- Знаете ли, я чуть с ума не сошла от радости, и не знаю, куда мне этого вестника посадить, чем угостить. Развела самовар, печку разожгла, немного было у меня крупчатки, маслица топленого; я, знаете ли, лепешек пресных напекла, сахара головного, это еще у меня старый запас, из сундучка достала, вареньица - напоила, накормила его, а он так хорошо про мужа рассказывает: как это муж выглядит, да как нас вспоминает. Я, знаете ли, совсем расстроилась и говорю ему:
- Господи, и когда мы вместе будем, когда это мучение-то кончится?
- Скоро, - говорит, - скоро, вот белые подойдут.
- А я, знаете ли, вздохнула так это тяжело и говорю: уж послал бы Господь скорее! Вот, верите ли, только это и сказала! Коля и Женичка тут же сидят слушают. Коля, знаете ли, у меня чувствительный, даже заплакал!
Ну, часов этак около шести проводили мы военного, ужинать не стали, только Коля кашки немного поел, очень взволновал он нас, приезжий этот. Коля даже уроки не мог учить, все папочку вспоминал. Часов в одиннадцать уложила я детей, сама легла, только, знаете ли, никак не могу заснуть - такая радость и вместе с тем тоска меня охватили, ворочаюсь с боку на бок, а спать не могу. Вдруг слышу, громко автомобиль зашумел, а я, знаете ли, живу за рекой, в тихом переулке рядом с Ордынкой, автомобили редко к нам заезжают. А тут, как остановился у нашего домика, меня, знаете ли, так в сердце и толкнуло...

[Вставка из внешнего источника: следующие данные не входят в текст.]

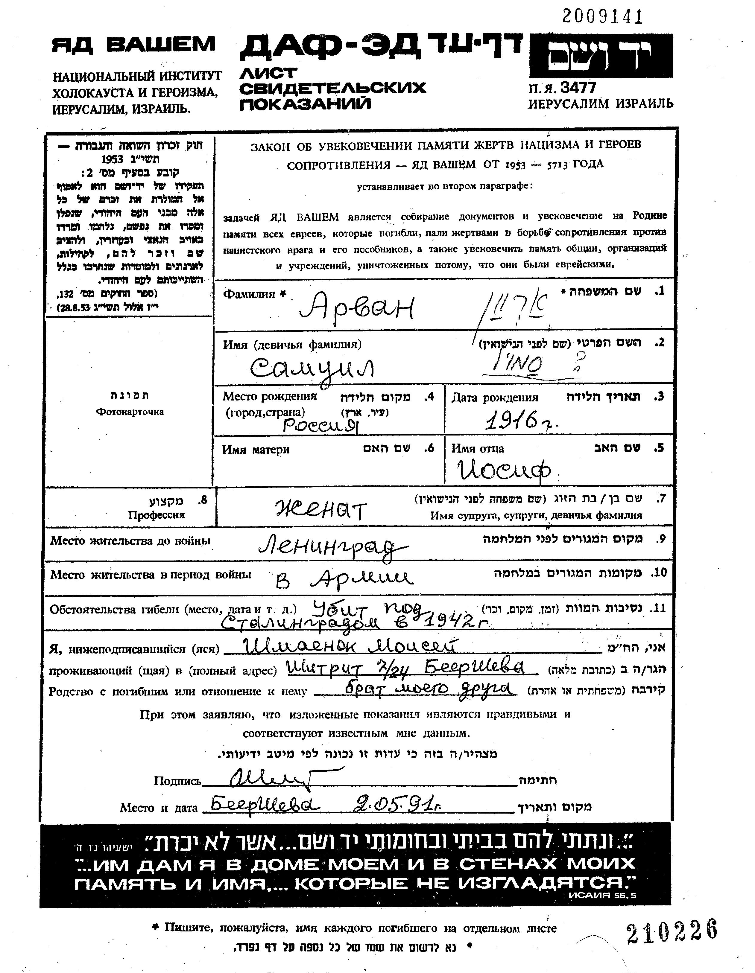 Arvan Samuil 1916 Leningrad, Russland (UdSSR) Gedenkblatt
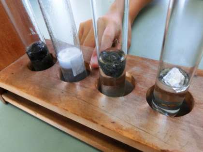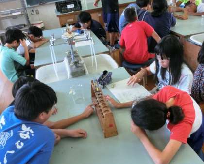 子どもたちは、薬品に入れた金属が溶ける様子を、熱心に観察していました。

Ну, ввалились в дом... Обыск только так, для проформы сделали, ничего, конечно, не нашли, взяли нас с Колей, посадили в автомобиль и привезли сюда. Коля бледный такой, а сам, знаете ли, все меня успокаивает: «Не бойся, мамочка, это недоразумение, нас выпустят». Он сейчас над нами в камере сидит! - И, закрыв лицо платком, полковница горько заплакала.

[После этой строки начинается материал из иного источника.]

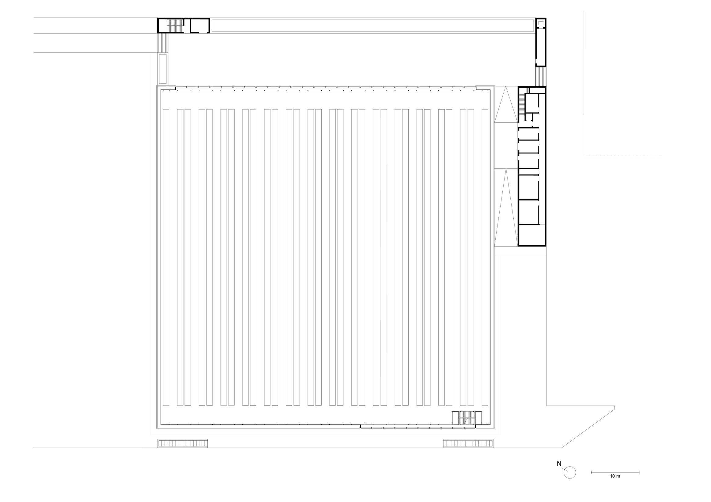 The Creative Centre transforms a former dispatch warehouse, extending and adapting the existing structure to create additional, generous office space. The intervention draws on the architectural language of the adjacent Service Centre, with deep loggias, retractable sunshades, and continuous floor-to-ceiling ribbon windows defining the façade. A load bearing, in-situ concrete façade enables for column-free interiors within the extension, allowing for flexible workspaces. The original hall, with its steel structure and saw-tooth roof, is retained and reinterpreted, preserving its industrial character while adapting to the requirements of a contemporary work environment.
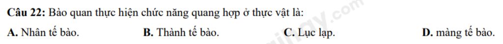 `->` Lục lạp là bào quan thực hiện chức năng quang hợp ở thực vật.
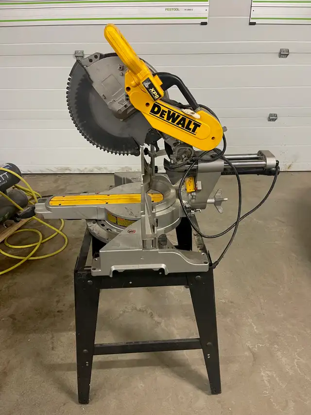 Dewalt 12 inch dual bevel slider with stand and 1 like new blade. Excellent shape. Just got motor bearings replaced at Athena repair, Priced for quick sale! Call or text Andy @ 204-781-7033. i will only return texts or calls please dont respond by email.
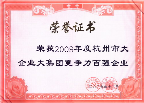 佳力被評為2009年度杭州市大企業(yè)大集團競爭力百強企業(yè)
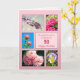 Cartão de 90. Mande lindas flores para uma pessoa bonita. Um cartão de aniversário com um belo sentimento. Uma coleção de imagens enquadradas de flores em um fundo rosa.
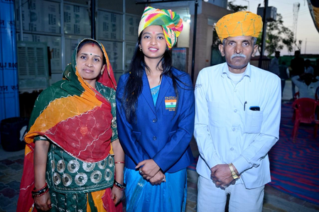 Her husband, Om Prakash Bhati, a proud father in his seventies, nods in agreement. “We do Lakshmi Puja during Diwali,” he says softly. “But our daughter is our real Lakshmi. She has brought glory to our family and village, and everyone is proud of her. She is an inspiration for other girls who now want to step out of pardah and excel in education and sports.”

- Я не за себя боюсь, за него, за Колю, ведь ребенок еще, совсем ребенок, - и снова заколыхалась от рыданий, - и за что же? За что? Ведь я же ничего не сказала, ничего! Знаете ли, - она перегнулась своим тучным телом в мою сторону и зашептала мне в самое ухо, - меня расстреляют! Я чувствую, я знаю, что расстреляют! Коля, мальчик! Что он без меня? Пропадет! - И она опять залилась слезами. Я утешала ее, как умела.

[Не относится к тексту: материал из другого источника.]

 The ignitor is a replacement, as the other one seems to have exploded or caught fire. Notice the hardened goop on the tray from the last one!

Утром надзиратель принес в бумажке немножко мелкого сахара.
- Из верхней камеры молодой гражданин прислал...
- Коленька! Мальчик мой! - шептала мать. - Не надо, не надо! - вдруг стоном вырвалось у нее. - Как же это так, он без сахара, весь свой паек прислал. Возьмите, ради Бога, отдайте ему назад. Скажите, что не надо, у меня много. - Она торопилась спустить толстые ноги с кровати, но в ту минуту, как она подходила к двери, надзиратель быстро повернулся, вышел и запер за собою дверь, а она, жалкая, растерянная, стояла с протянутой рукой и все причитала: - Мальчик мой! Коля! А? Прислал, себя лишил! Ах, какой он у меня добрый, какой добрый!..
Днем выпустили латышек. Вечером меня вызвали на допрос.
- Ну что? Как? Скоро вас выпустят? - спрашивала полковница.
Мне не хотелось отвечать, а ей хотелось говорить о себе. И снова она повторяла то, что ее непременно расстреляют, говорила о Коле, о его большом, добром сердце.
А на другой день надзиратель, улыбаясь, опять принес от Коли дневную порцию сахара и кусочек селедки в просаленной бумажке, выданные накануне к ужину.
- Ах, какой он у меня, я, знаете ли, и не видывала таких, - говорила она. - Господи, и вдруг расстреляют?! Ну скажите, ведь не могут же расстрелять ребенка? Ведь он еще совсем мальчик, совсем мальчик...
Ее отчаяние было так велико, она так бурно выражала его, что мне и в голову не приходило думать о себе, я изо всех сил старалась успокоить несчастную женщину. А она весь день охала, плакала, по ночам не спала, ворочалась, вздыхала, молилась. Я измучилась с нею.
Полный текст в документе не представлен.